[Dataset entries]
==========
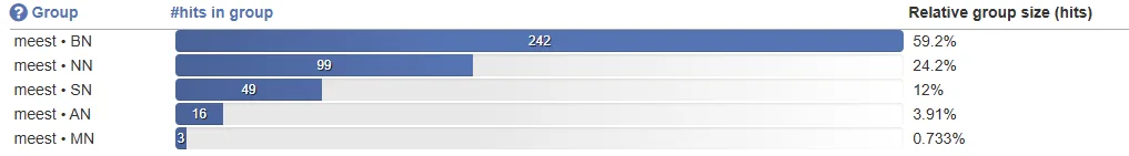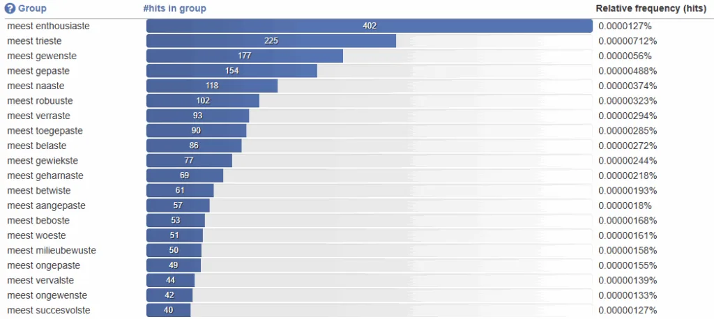 De zoekopdracht [word = “meest”] [word = “.*ste”] levert in totaal 3350 treffers op, verspreid over 349 groepen.
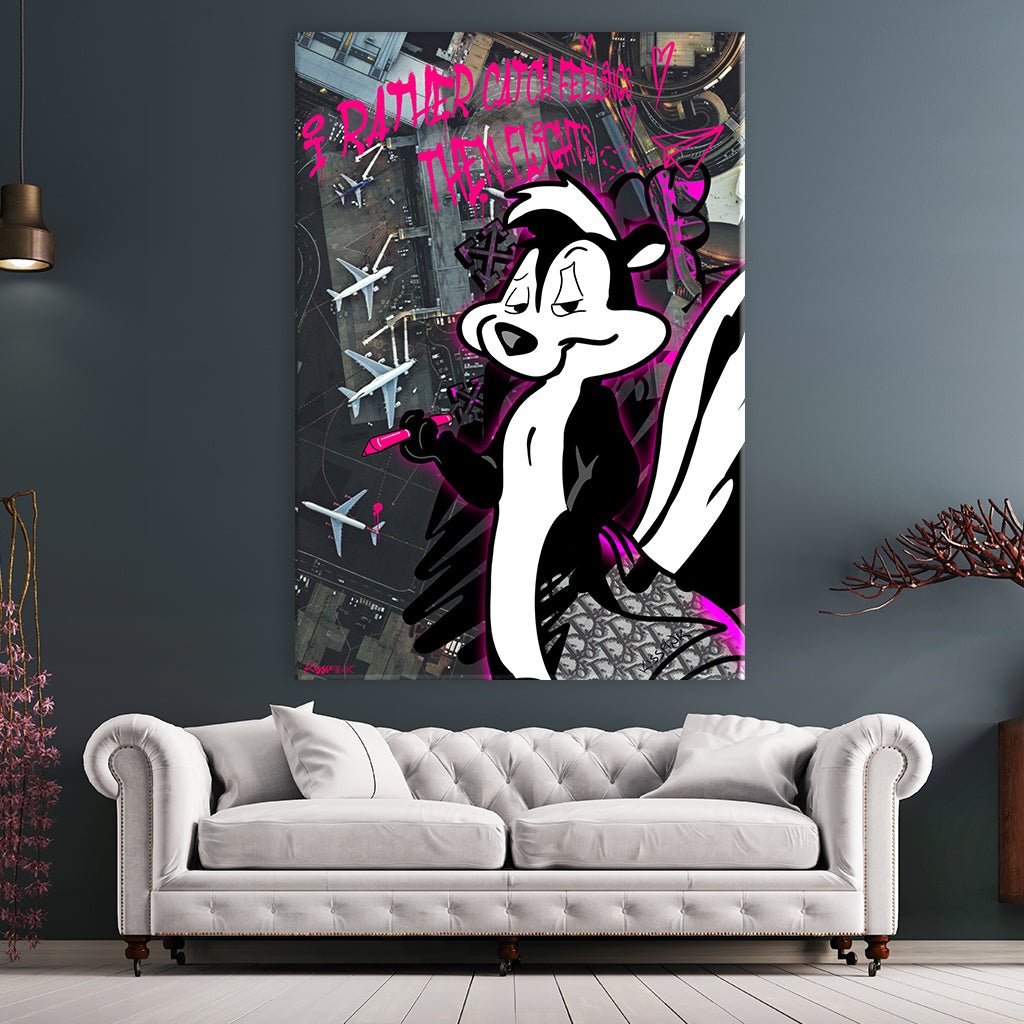 The picture shows Pepé, the charming skunk character from the Looney Tunes, with his mischievous look. In the background an airfield from above and a text in bright pink: "I rather catch feelings than flights". The phrase conveys the message of thinking about the priorities in life.
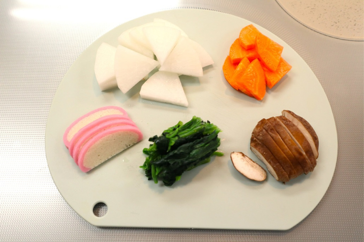 簡単介護食アレンジレシピ 関東風おすまし汁ベースのお雑煮。
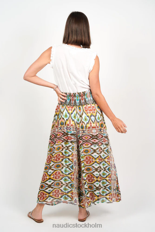 dessa moderna bohemiska byxor i vårt senaste abstrakta gaia-tryck har ett brett, mjukt, flytande ben med en smockad resår i midjan och ett fäste för att knyta hur du vill. en levande och färgstark blandning av öst- och västelement, vilket gör dem till en tidlös pjäs i din garderob.
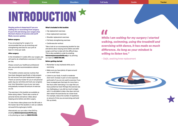 This booklet contains exercise routines that have been designed specifically to help prepare for and recover from joint replacement surgery.
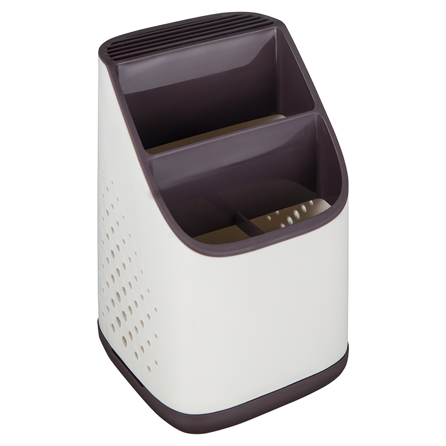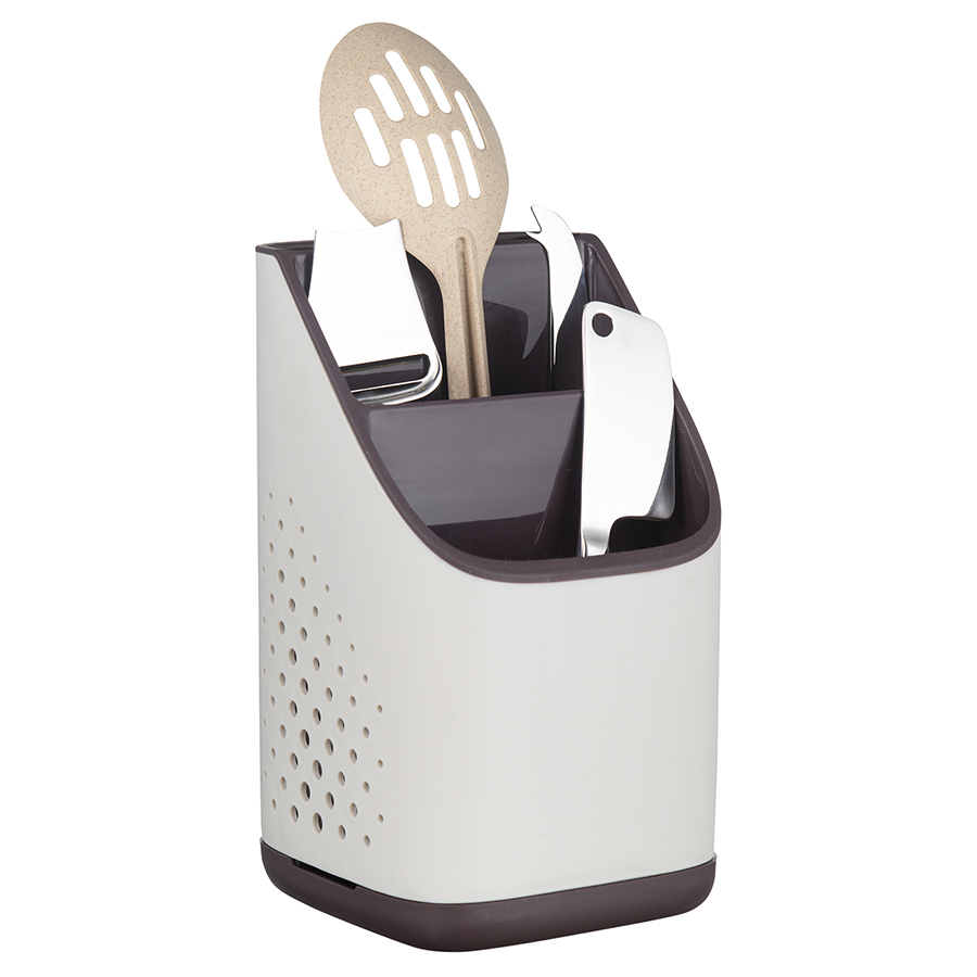 Органайзер Ronja – отличное сочетание практичности и эргономичного дизайна. Такой простой аксессуар поможет быстро навести порядок на кухне, компактно разместив в одном месте часто используемые кухонные принадлежности. Наличие нескольких уровней позволяет эффективно классифицировать и удобно хранить различные инструменты. Специальные отверстия на корпусе обеспечивают свободный доступ воздуха к внутреннему пространству, благодаря чему посуда остается сухой и не приобретает неприятный запах. Съемный поддон облегчает уход. Износостойкие материалы, такие как полипропилен и нержавеющая сталь, обеспечивают изделию долгий срок службы.
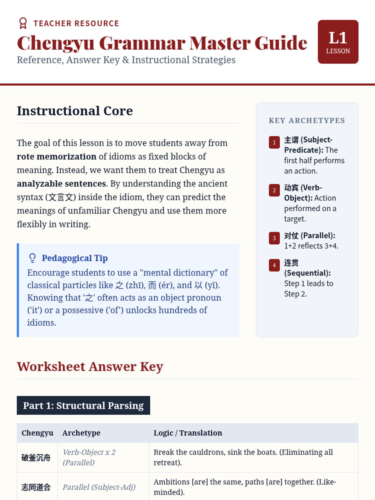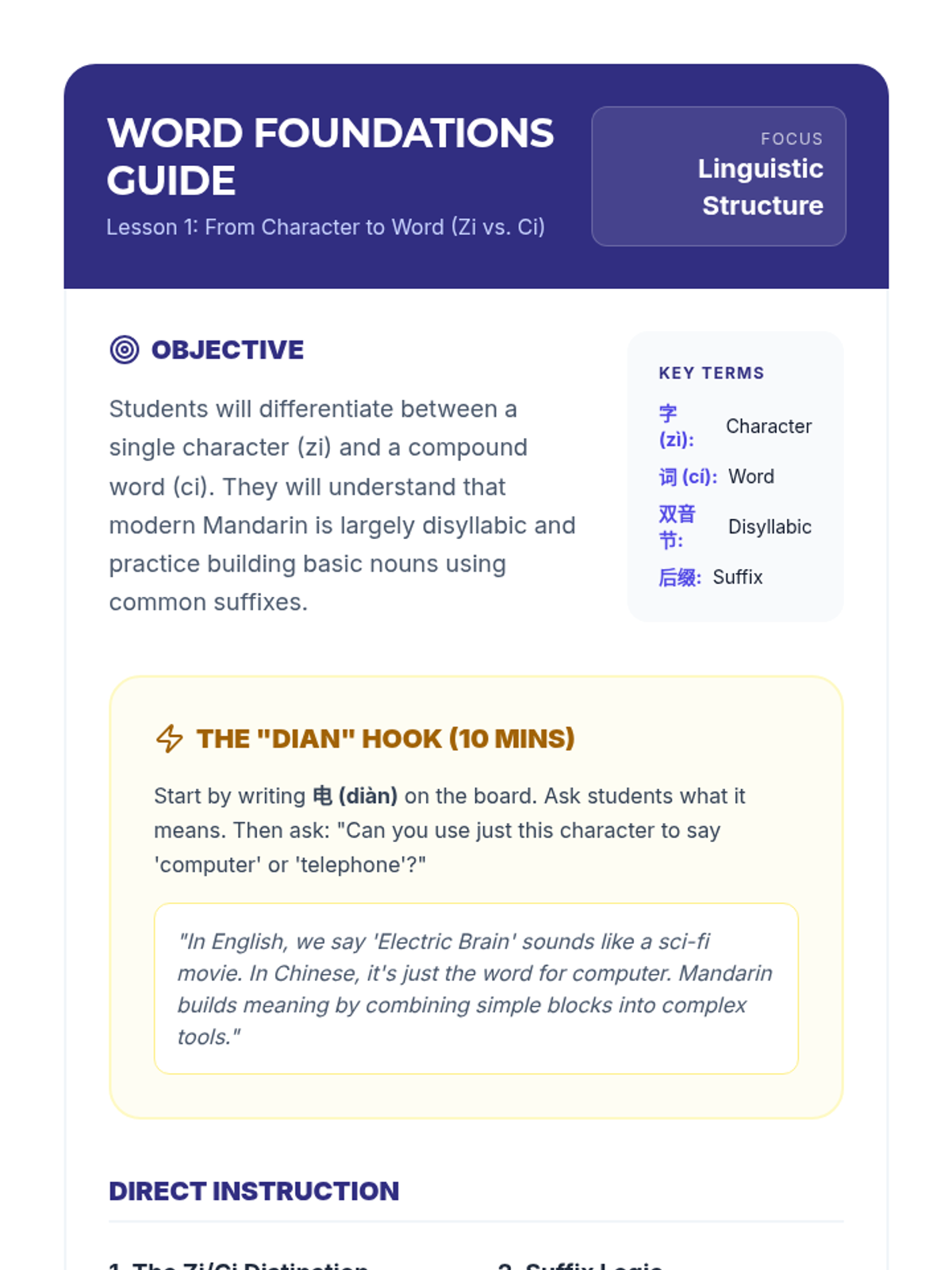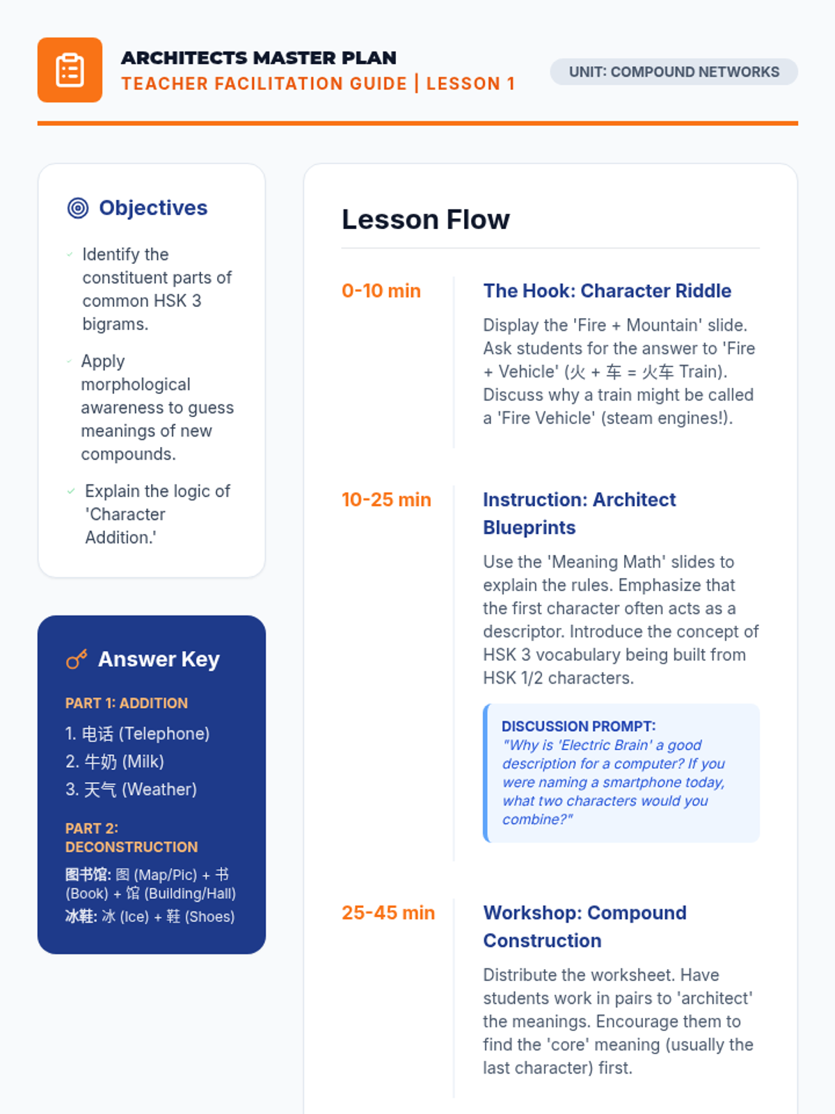 A 5-lesson sequence for 7th-grade Mandarin students focusing on the logic of compound words, from simple bigrams to complex idioms (chengyu). Students act as 'Character Architects,' deconstructing and rebuilding vocabulary to master intermediate HSK 3 concepts.
==========
GOAL OF THE EXERCISE: Reproduce the records above exactly, but only from the line with "The picture shows" up to and including the line with "簡単介護食アレンジレシピ 関東風おすまし汁ベースのお雑煮。". Leave the pictures out.

WRITTEN ANSWER:
 The picture shows Pepé, the charming skunk character from the Looney Tunes, with his mischievous look. In the background an airfield from above and a text in bright pink: "I rather catch feelings than flights". The phrase conveys the message of thinking about the priorities in life.
 簡単介護食アレンジレシピ 関東風おすまし汁ベースのお雑煮。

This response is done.